Where the Presidential Election Stands Today and Why This Election is So Hard to Predict

by Joe Lenski, Edison Executive VP

The latest Time Magazine Poll came out this weekend and it showed Bush with a two-point lead over Kerry (46% to 44%) if Nader is included on the ballot and a dead-even race (46% to 46%) without Nader included. This poll confirms what all of the recent national polls have shown – there has indeed been a 4 to 5 point net move to Bush on the horserace question in the last two weeks or so. In the last six polls released nationally Bush is only behind in one – the Fox Poll, which has Kerry up by only one point.

Besides the horserace numbers, the Time Poll has a couple of interesting trends which seem to explain this trend. First, Bush’s “re-elect” number (the percentage of voters who say that Bush deserves to be re-elected) has gone from 42 to 46 over the last three weeks. If Bush can get this number over 50 after the convention the Democrats are really going to be worried. At the same time the Kerry “favorable” number has gone from 53 to 44 in the last three weeks. Part of this is the Swift Boat controversy, but a more important reason for Kerry’s drop is that he has not succeeded in putting anything else out there in the last three weeks to take the media’s attention off of the Swift Boat controversy.

It is also amazing how fast the conventional wisdom has moved from “this is Kerry’s race to lose” to “Boy, has Kerry already blown it.” Both statements were and are complete exaggerations of the situation. We are headed for political territory with which there is no past experience, and we can’t look at any past campaign in order to predict what is going to happen in the next 64 days until the election.

First, we have never had an incumbent right at or just under 50% job approval at election time before. Every incumbent over 50% has won (Eisenhower, LBJ, Nixon, Reagan and Clinton), and every incumbent under 45% (Ford, Carter, Bush the elder) has lost. No one can predict from past experience how an incumbent between 45% and 50% job approval will do.

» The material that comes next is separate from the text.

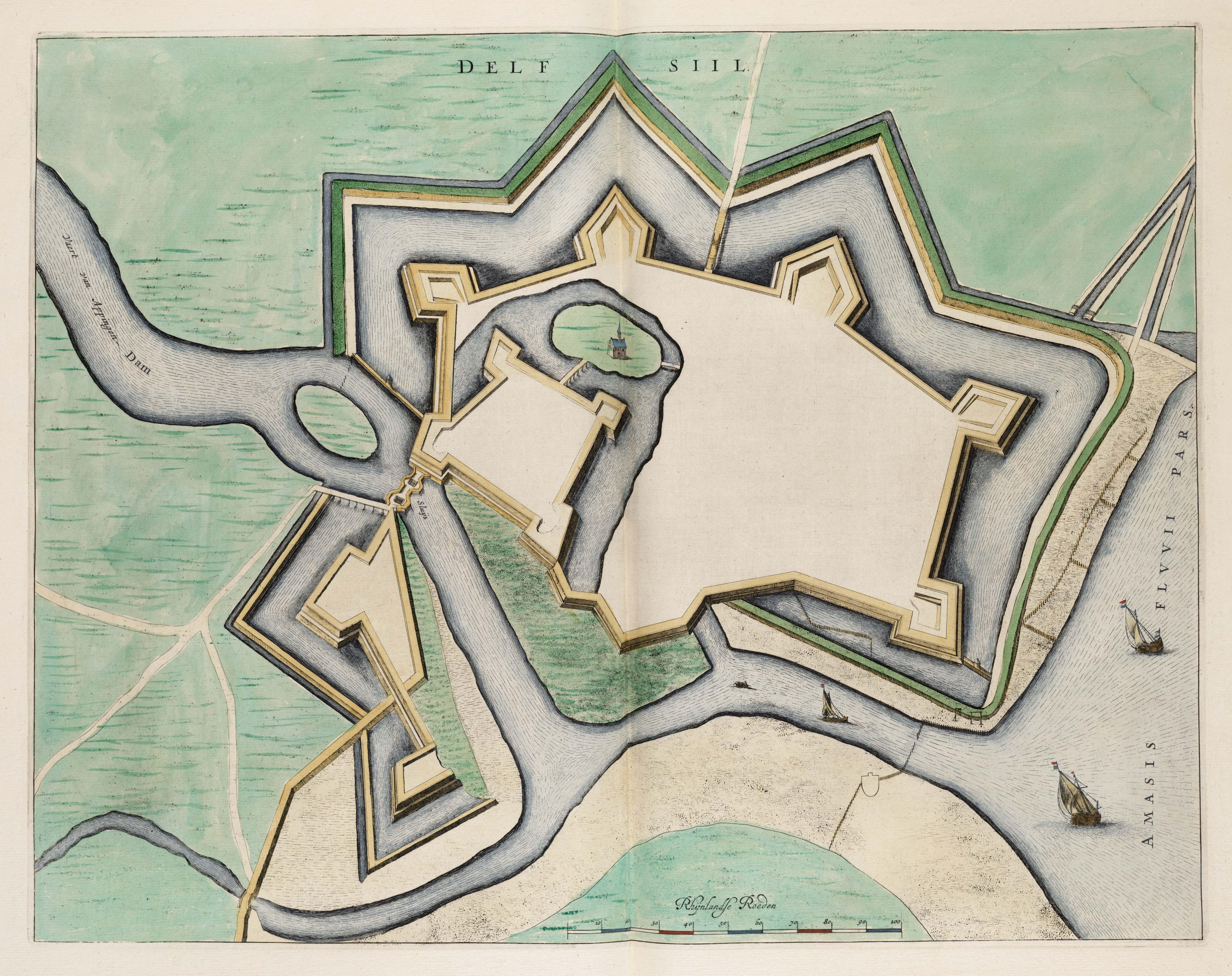 Map of Delfzijl.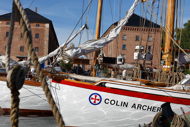 Ships participating in Kyststevnet 2014 in Oslo, Norway

Second, we have never had a campaign before where the both candidates have targeted the same few states and concentrated almost their entire effort on those few states FOR MORE THAN SIX MONTHS leading up to the election. What are the repercussions of all of the television ads and campaign visits being concentrated in the same 18 states? Again no one knows from past experience. In past elections the list of battleground states has typically changed during the course of the campaign – remember Dukakis picked Senator Lloyd Bentsen from Texas as his running mate in 1988 because the polls around the Democratic convention indicated that Texas could be competitive.

This year will the voters in these 18 battleground states begin tuning out because of campaign ad overexposure? Or will the sheer volume of campaign ads lead to increased voter attention and thus increase voter turn out in these states? The conventional wisdom is that if there is a national wave at the end of the campaign (such as the wave for Reagan in the last week of the 1980 campaign) it will send all of the close states one way. But has all of this advertising and campaigning in the battleground states made voters there immune from the effects of a last-minute national wave? Or is a national wave not going to happen – any wave that we may have to look for may be concentrated in the 18 battleground states and not show up in the national polls? Again no one knows.

Third, more votes will be cast before Election Day than ever before. There are eight states (Arizona, Colorado, Nevada, New Mexico, Oregon, Tennessee, Texas and Washington) where more than 40% of the vote will be cast either by mail or in-person during the weeks before the election. Another eight states (Alaska, Arkansas, California, Florida, Hawaii, Iowa, North Carolina and Vermont) expect 20% to 30% of the total votes to be cast by early or absentee voters. Nationwide it is likely that at least 20% of all votes (over 22 million) will have been cast before polling locations even open on November 2nd. We have never seen a national campaign operate under these rules before. Last minute news like the revelation of the Bush DUI arrest during the last week of the 2000 campaign or some sort of terrorist attack such as the one in Madrid this spring a few days before the Spanish elections can only affect the 80% of voters who are voting on election day – the other 20% of the votes will literally already be in the mail.

In the end this election might not hinge on any of the old conventional wisdom – “the economy, stupid”; presidential job approval; rallying around the flag in war time etc. – but rather on which of these two men a majority of voters want to trust with the future of the country. And here the nation remains essentially evenly split.

Here is one last set of numbers, this time from the latest AP/Ipsos poll:

Does George W. Bush make you feel optimistic about America’s future or not? Yes 51%; No 48%

Does John Kerry make you feel optimistic about America’s future or not? Yes 50%; No 49%

Looks like it is going to be a long election night.